EXERCISE MATERIALS:
---+---

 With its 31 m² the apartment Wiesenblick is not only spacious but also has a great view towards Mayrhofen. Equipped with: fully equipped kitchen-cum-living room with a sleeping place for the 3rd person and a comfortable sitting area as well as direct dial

---+---

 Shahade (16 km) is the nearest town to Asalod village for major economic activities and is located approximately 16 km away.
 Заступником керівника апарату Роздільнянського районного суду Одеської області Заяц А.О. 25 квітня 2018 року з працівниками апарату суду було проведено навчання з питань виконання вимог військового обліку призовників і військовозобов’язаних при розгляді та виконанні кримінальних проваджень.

---+---

WHAT NEEDS TO BE DONE: Please give an exact copy of the lines above, beginning with the line containing "Shahade (16 km)" and running through the line containing "Заступником керівника апарату", and of no other lines.

OUTPUT FOR THIS TASK:
 Shahade (16 km) is the nearest town to Asalod village for major economic activities and is located approximately 16 km away.
 Заступником керівника апарату Роздільнянського районного суду Одеської області Заяц А.О. 25 квітня 2018 року з працівниками апарату суду було проведено навчання з питань виконання вимог військового обліку призовників і військовозобов’язаних при розгляді та виконанні кримінальних проваджень.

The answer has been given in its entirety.